▶ _THE TASK_
Your job is to give again, exactly and with no additions, the lines in the records below from the one with "Fototapeten Weiße Frühlingsblumen" through the one with "Nissan Sentra 2014", both included. Omit the pictures.

▶ _RECORDS FOR THE TASK_
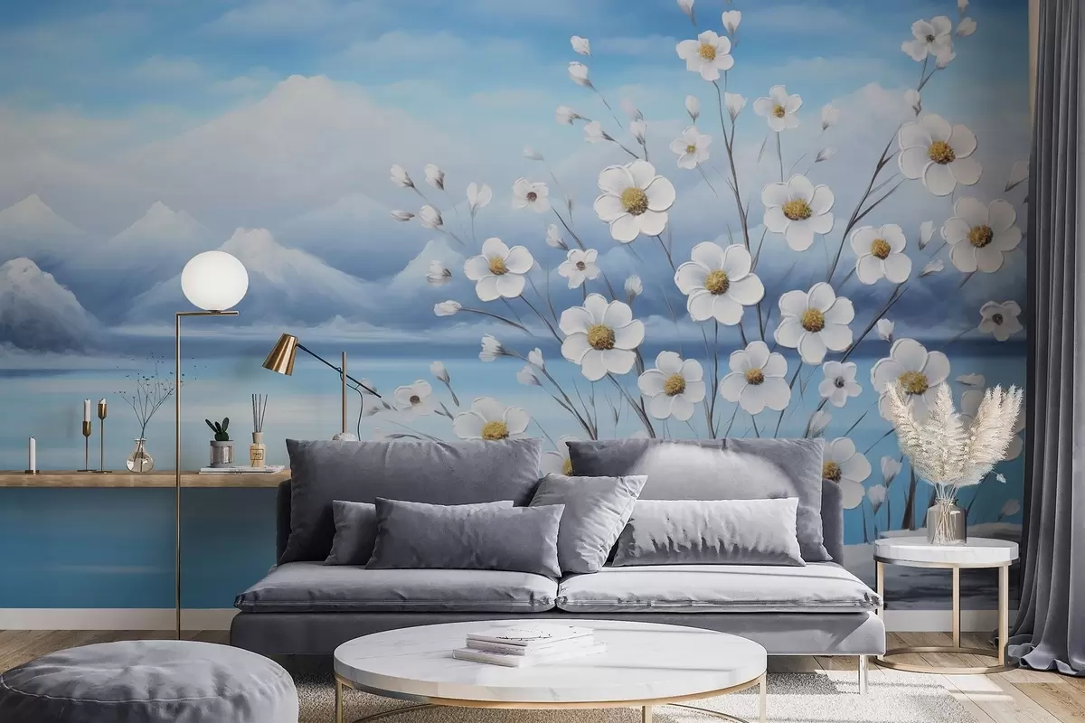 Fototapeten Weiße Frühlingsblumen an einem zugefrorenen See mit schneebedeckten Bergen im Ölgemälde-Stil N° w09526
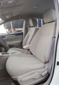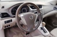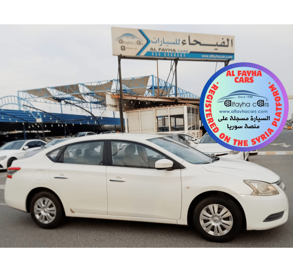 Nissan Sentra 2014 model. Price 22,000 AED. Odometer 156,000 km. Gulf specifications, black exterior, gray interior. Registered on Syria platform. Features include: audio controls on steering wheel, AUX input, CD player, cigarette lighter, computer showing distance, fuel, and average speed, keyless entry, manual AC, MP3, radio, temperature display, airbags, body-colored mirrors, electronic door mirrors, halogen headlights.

--

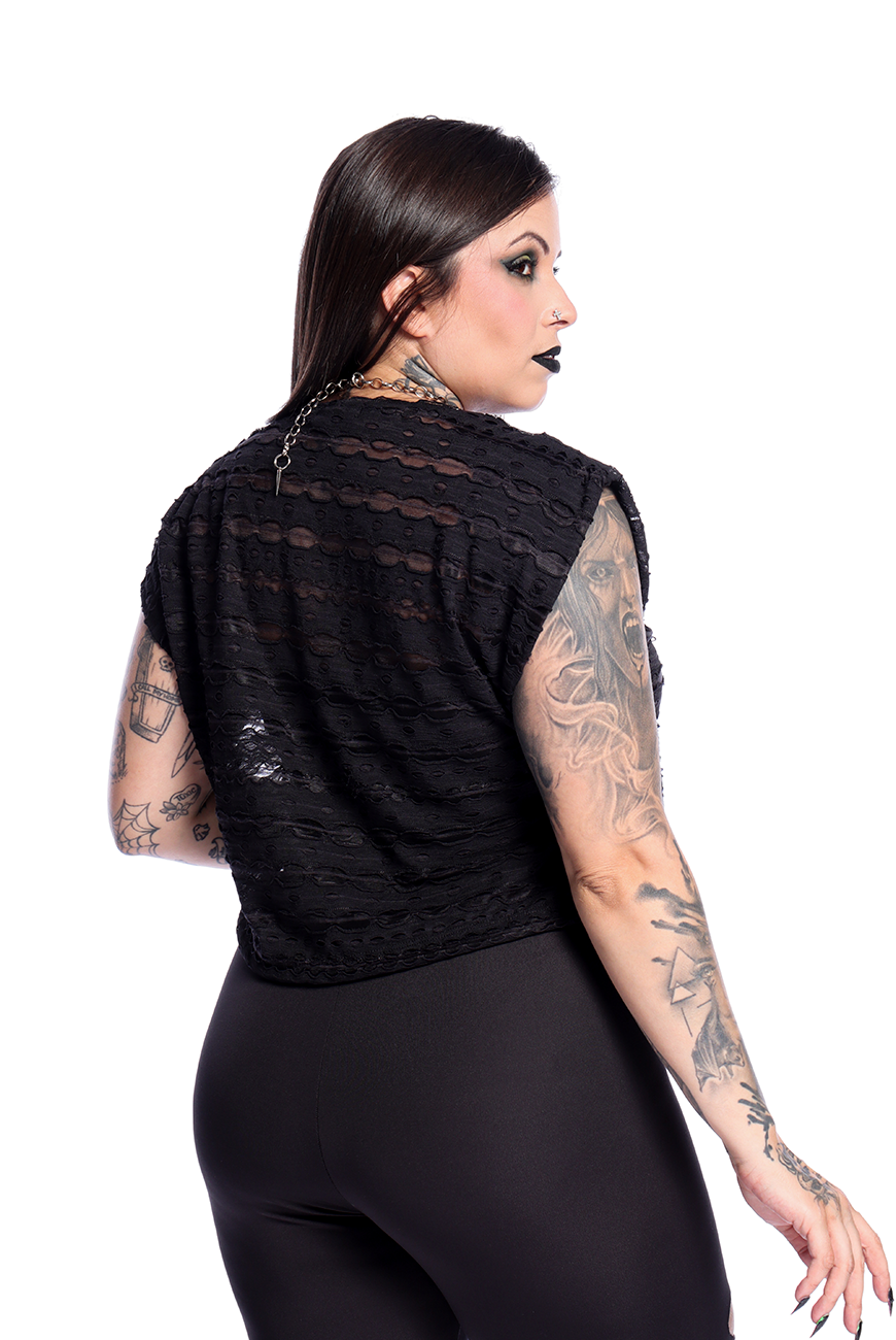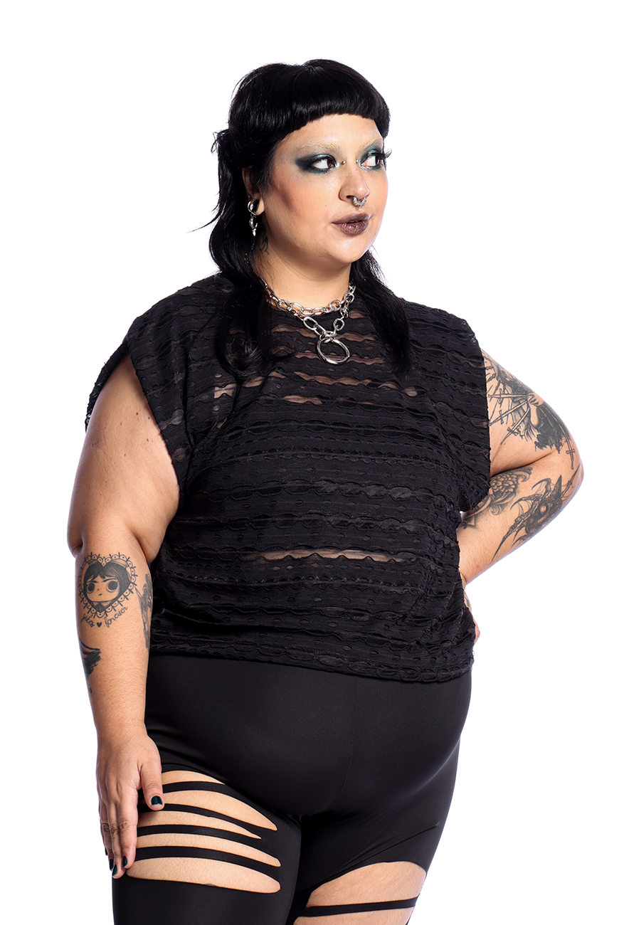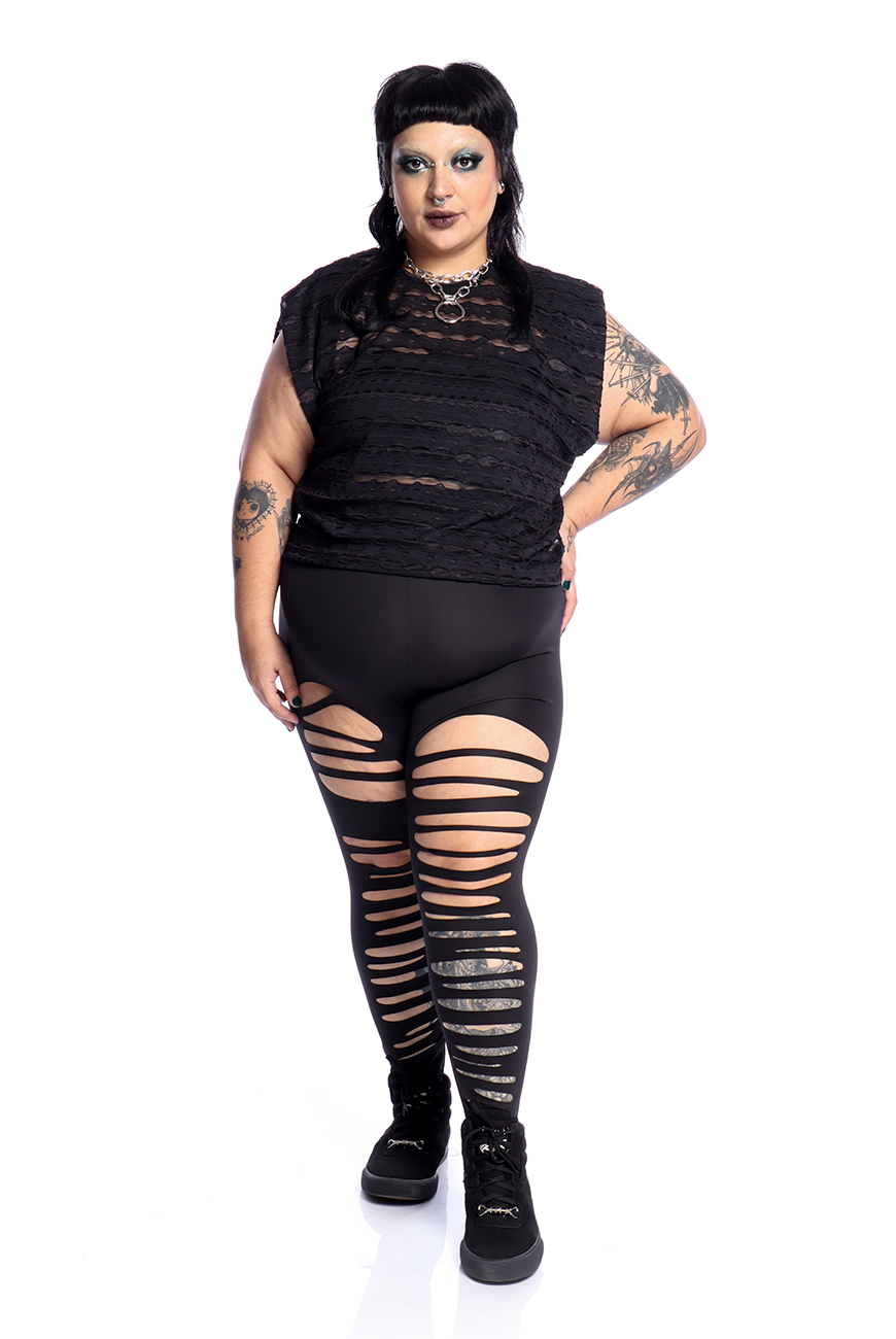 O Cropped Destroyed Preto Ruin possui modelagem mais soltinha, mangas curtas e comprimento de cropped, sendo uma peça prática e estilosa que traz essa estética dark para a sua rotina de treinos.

▶ _FINAL ANSWER_
 Fototapeten Weiße Frühlingsblumen an einem zugefrorenen See mit schneebedeckten Bergen im Ölgemälde-Stil N° w09526
 Nissan Sentra 2014 model. Price 22,000 AED. Odometer 156,000 km. Gulf specifications, black exterior, gray interior. Registered on Syria platform. Features include: audio controls on steering wheel, AUX input, CD player, cigarette lighter, computer showing distance, fuel, and average speed, keyless entry, manual AC, MP3, radio, temperature display, airbags, body-colored mirrors, electronic door mirrors, halogen headlights.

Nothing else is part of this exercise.